The game of predator and prey has been played in fascinating scenarios, and replays itself over and over again, before our eyes, till we finally learn to perfect it and hold on to that one thing firmly. In most of my past relationships, I dived in head first, and gave so blindly I forgot to ask if the other party was already overfed. In past ventures and endeavours, I did pretty much the same, always playing by my own silly rules and expectations.
Recently, I had been blessed to be on the receiving end, not that it felt comfortable (for I have come into the habit of giving more than receiving). Nevertheless, it was a consolation to my then scarred soul, torn mercilessly by my own folly to trying to build a family before I even understood what it meant. To that person who came by and stayed for 13 days of my life, I can only give her my eternal gratitude, but not love, for love is something that requires the right dose of everything to start, and the right attitude and character to nurture.
To my new girlfriend, who courageously took on the choice to maintain a long-distance relationship with me, I promise my hearts conviction to make this work. Yes, we will never know who is right, and it is eventually really up to us to make it right. I believe so in every one of my relationships. I will not hold back in fear of pain, for it is the pain that makes us grow. I shall, however, be wiser with each lesson and learn to love in the correct fashion so that the other party enjoys both the love I provide, and the freedom when I withdraw occasionally.

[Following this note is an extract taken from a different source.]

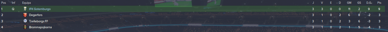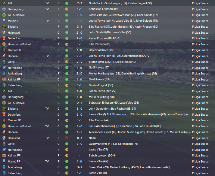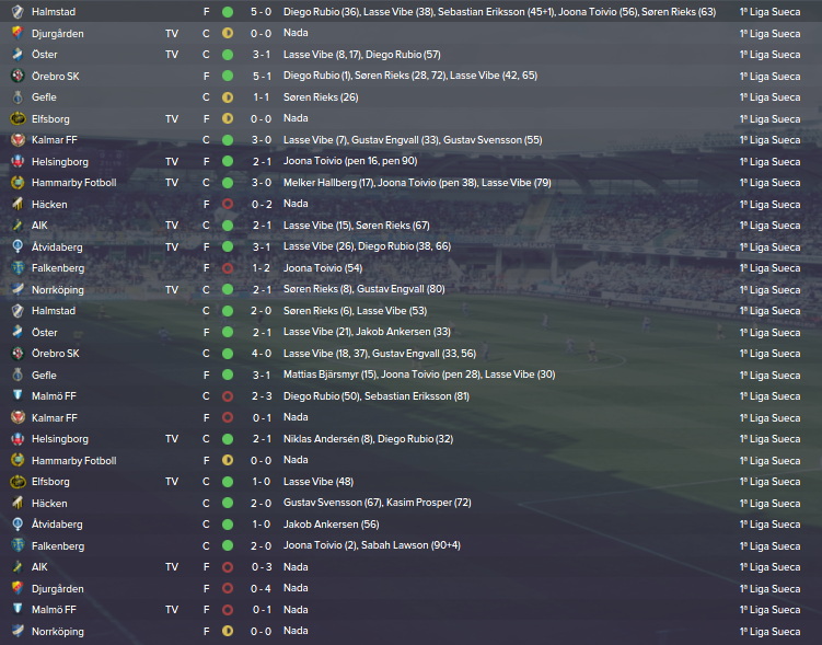 Campeonato: Uma época muito renhida, mas esperava pior, A defesa é um bocado péssima, tenho que me reforçar melhor. Muitos deslizes, muitas borras, mas lá conseguimos ser campeões por 1 ponto. Elfsborg e Kalmar sempre ali na luta, mas consegui ser mais constante e garantir um título que para além de ser o 1º na Suécia e logo na 1ª época, é um indicador de ida à Champs, ou seja, encaixe de milhões de euros, que me vão ajudar imenso na próxima época a talvez renovar empréstimos e a comprar gajos decentes/ao nível de revalidar o título.

As it is with my career now, I may not be able to offer much more than a whole heart. As much as the oracle says, I believe the future is still for one to forge personally. If at this point I were to choose between the random and cause-and-effect universe, I would choose the later, for at least it justifies the efforts.

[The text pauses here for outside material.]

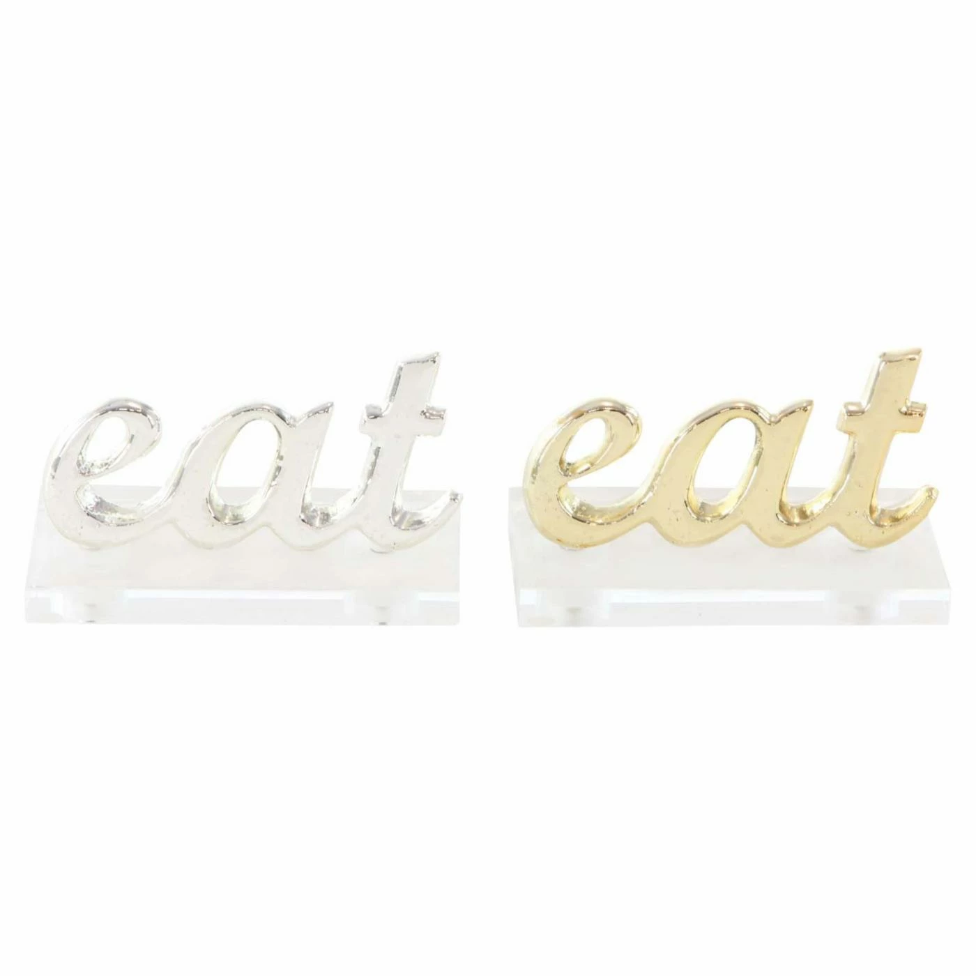 Increase the elegance of your dining room or kitchen with the DecMode Eat Decorative Sign Figurine – Set Of 2. The set provides gold and silver typography figurines cast out of durable aluminum. Clear acrylic bases keep the signs upright on your shelf, sideboard, counter, or table.

To my family members, by dad and mum, grandmother and brothers, I have not been a very good brother, short of temper and lagging in achievements. A rebel since a young age, I was perhaps a bad example in both conventional and practical terms. I cannot offer much with my measly self now, and may only work hard to open a future brighter than the current one.
I have never believed in a single religion, and have taken pride in knowing a little of many. But here, I’d like to pray, to whoever is up there, and offer my greatest gratitude and thanks to the many great friends I have met here who have brightened my every day in this foreign land that would otherwise be an arena of ruthless cutthroat-ing.

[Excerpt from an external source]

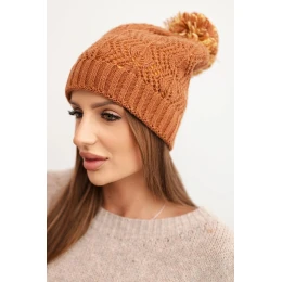 Dámská zimní čepice s vlnou ve zdobném pletení s bambulí K467 hnědá

I’d like to send my love to my family, girlfriend and friends back in Singapore, even though they may be 3.5 hours flight time away, and wish for their wellness and happiness, and that they find fulfillment with each step they take to discover themselves.
With this note, I end today, hoping, yet happy.
My 6 days in Singapore seemed to have flashed past in an instant. With a schedule fully packed before I even touched down, I could only try to further squeeze my time to make sure I meet up with family and friends, amidst trying to accomplish the key tasks of this trip.
Glad I was at least able to have a proper dinner with the whole family, and really happy to see dad and mum back on cordial talking terms. WW’s issue seems to be settled on the surface, and I hope everything ends amicably for him. Honestly, he needs to learn how to stand up for himself. As for WJ, glad he found some balance in life through his GF. Finally I start to intuitively understand a bit of what he’s trying to do. What a foolish, but thoughtful way of protecting those he cares for… sigh… I wouldn’t be able to help him, would I? Anyways, to both my brothers, try to understand each other more.
A good friend of mine has taken to some serious training in divination, and has apparently become quite good at it. I shall await his full report on the upcoming years of my life. Though logic tells me such things should not be taken wholesale, it is always good as reference material; to consider more and move with more caution.
Then again, amidst the fruitful meetings and business developments with the representatives of various countries, I had to put up with meetings a few clowns, and entertaining the rubbish they spill forth. Ok, count that as entertainment and it ain’t all so bad.